Monday at work I developed a plan. I had been planning on a double workout – one before work, one after – but skipped my morning walk/run in favor of some extra sleep. At work I started trying to figure out how I could fit in a run and weights, and finally decided the only option was to go to the 5:30 BodyPump class at the gym by my work. Since I leave work at 4:15 every day this would give me enough time to get in my run and then set up my station for Pump.
The schedule was a little tight, so it meant I had to leave right on time and not meander around the gym at all. I was pretty amped up about it – I’m a BodyPump lover, but haven’t been in almost a year. I stopped going to Pump once I started heavily marathon training because I didn’t want to deal with super sore legs, and then I suffered the never-ending injury that basically sidelined me from anything hard (or fun).
Well, now that I’m on the rebound I decided I’d give Pump a go again and just go easy on my lower body weights. Everything was fine and dandy, right up until about 3:45 when I started second-guessing if I should go or not.
I mean, did I really want to go to a class where I was going to be half-assing everything? And what if people judged me? And what if it wasn’t the best idea, I mean my knee can be kind of unpredictable and all…. and I’d really rather run outside then on the treadmill…
You can see where that’s going. In a 15 minute span I managed to convince myself that I didn’t need to go to Pump and that I’d be OK just running. Never mind the fact that I KNEW I’d regret it as soon as I got home.
So I texted Britt, who told me firmly to go.

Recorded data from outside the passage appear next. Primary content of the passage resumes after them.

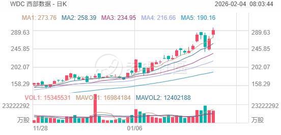 存储链条中,西部数据涨7.40%,闪迪涨4.55%,希捷科技涨2.66%;美光则跌超4%。
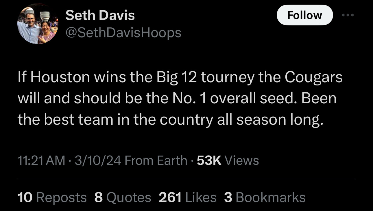 How about even if we don’t win the big12 tourney we deserve a 1 seed?
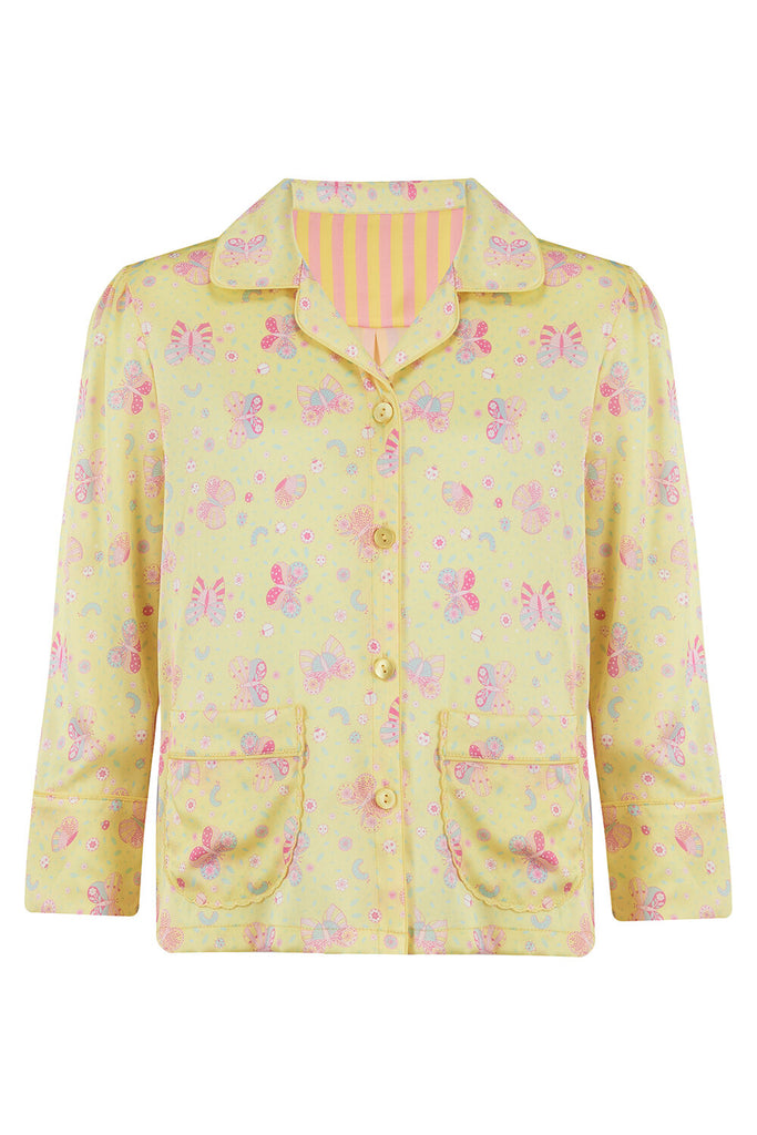 Our classic pyjamas in our Lemonade Butterfly print are made from the finest 19 momme silk, trimmed with matching piping, adjustable waist ribbon and a little extra stretch for the perfect fit.
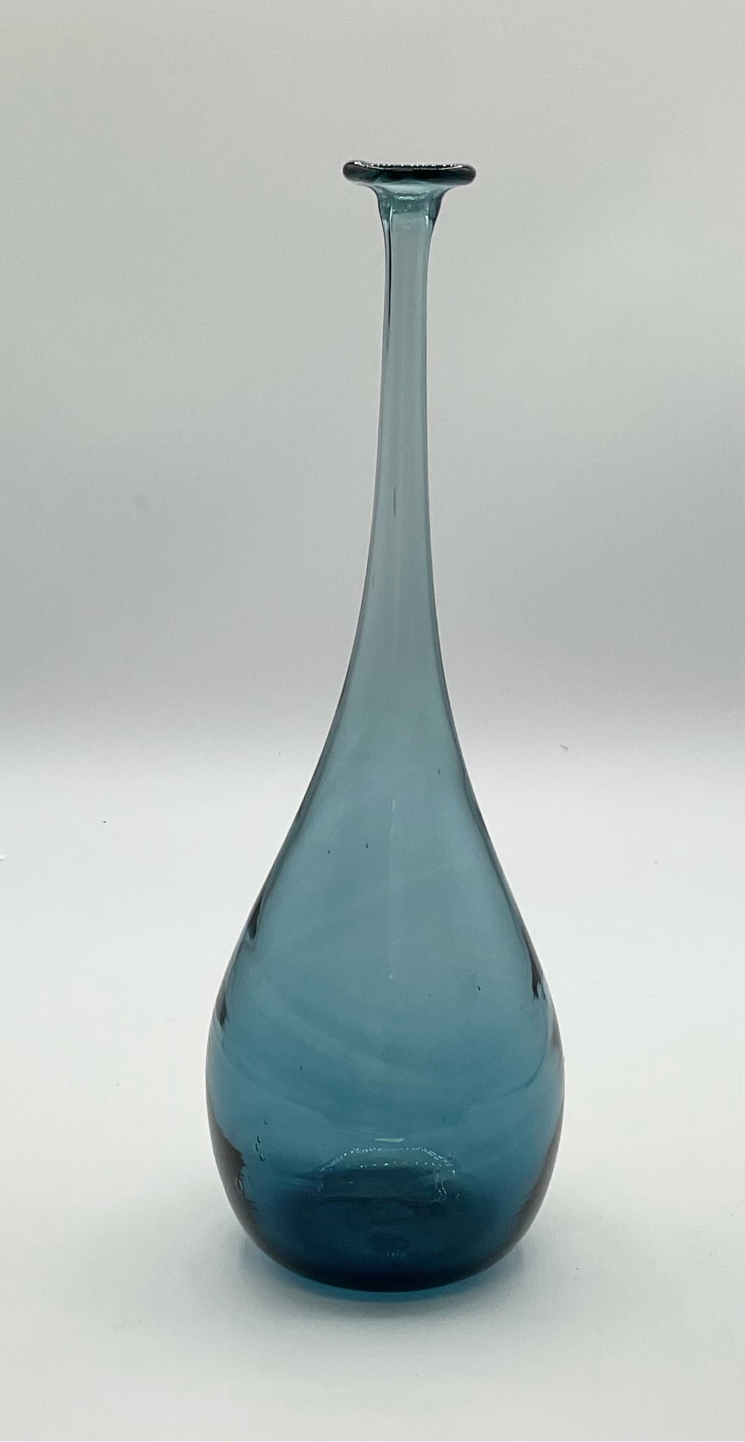 Vintage Long Neck Vase La Mailloche Quebec blue art glass
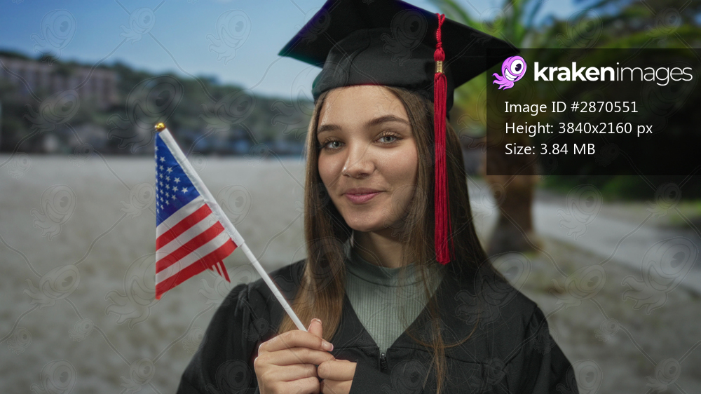 Girl wearing graduation gown and mortarboard holding united states flag on street; pride achievement success.
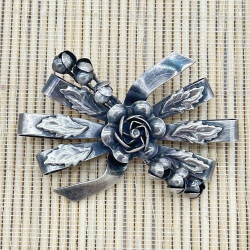 A GIFT BOX AND BAG WILL BE INCLUDED WITH EVERY ITEM PURCHASED DURING THE HOLIDAY SEASON.Vintage Hobe brooch produced in the 1940s. These unique designs feature elaborate, hand-crafted leaves and flowers, bows, baskets and hearts. The jewelry from this period was all made in sterling silver. Originally sold in up-scale department stores and boutiques, Hobe jewelry was marketed under the slogan ?Jewels of Legendary Splendor?. Stars of the stage and screen wore these creations. It measures 2.9 inches by 2 inches and weighs 27.5g. It has been cleaned but will have some residual tarnish in places. It is still a lovely piece.
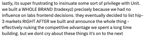 "We built the entire brand (tradexyz) from scratch precisely because we had no influence over Labs' front-end decisions. They ultimately decided to launch HIP-3 on their official front-end immediately after we finished and announced the entire project—which effectively destroyed the competitive advantage we had spent a lot of time building. But we won't complain about it; we will move on."
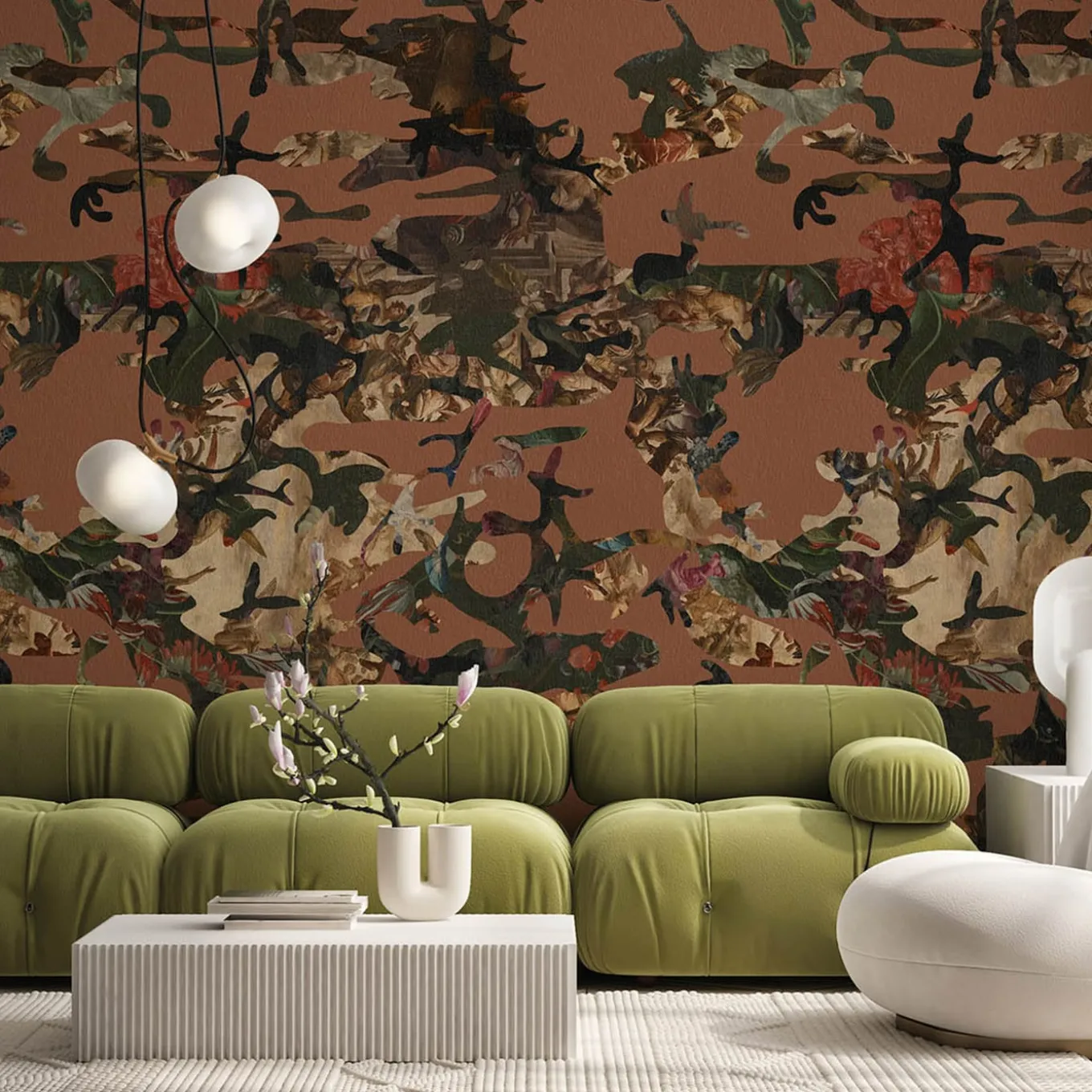 Pulling together various inspirations Gjoen creates a multilayered artwork of discovery, the more you look the more you find. The base of the camouflage depicts the ceiling of Giovanni Battista Tiepolo’s “Nuptial Allegory” at the Ca’ Rezzonico in Venice. Collection: Tales Part of Space Miscellanea by MaVoix, artist: Magnus Gjoen. Printed on fine art. It is an eco-friendly support made out of cellulose that keeps a very high qualitative perception. Retro NWB. Price is per square meter.
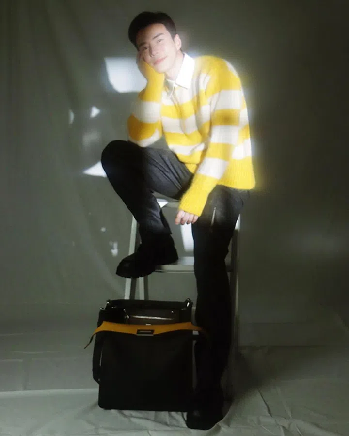 最近返新拍戏的王冠逸,以一袭黄白条纹套衫及Fendi经典的Peekaboo包登场,完美演绎慵懒的暖男时尚。

I changed after work and drove to the gym, still hesitant about actually attending the class. Once I started walking on the treadmill I texted Sean and told him I was nervous about going and to tell me to stop being a wuss. He told me to man up and go, and that he was lifting at home so I had better not show up without going to that class first. I kinda laughed, got over myself, walked/ran, and then timidly walked into the class.
And guess what. No one cared that I wasn’t lifting heavy on lower body, my knee held up just fine, and I was SO HAPPY I went.
Go figure, right?
Please tell me this happens to you too and I’m the only crazy person that gets into their own head.
This is my downfall… It’s sorta happened with me and marathon training for a bit already, but I think I got over it. I had been skipping some runs and last night came so close to skipping but I’m so glad I didn’t. It was a good run.
Sometimes I get lazy to run or workout and I have to talk myself back into it and remind myself of all of the months when I could not run and how miserable I was! You are not alone! I am glad that you ended up going because you always get that great feeling inside once you are done with that workout that almost didn’t happen. Great Job!
oh man I miss body pump. that is the one class I miss now that i don’t have free fitness classes from college. I always was so insecure but then I remembered everyone is at a different level of fitness.
The mind plays some dirty tricks on us. Good on you for getting that work out in!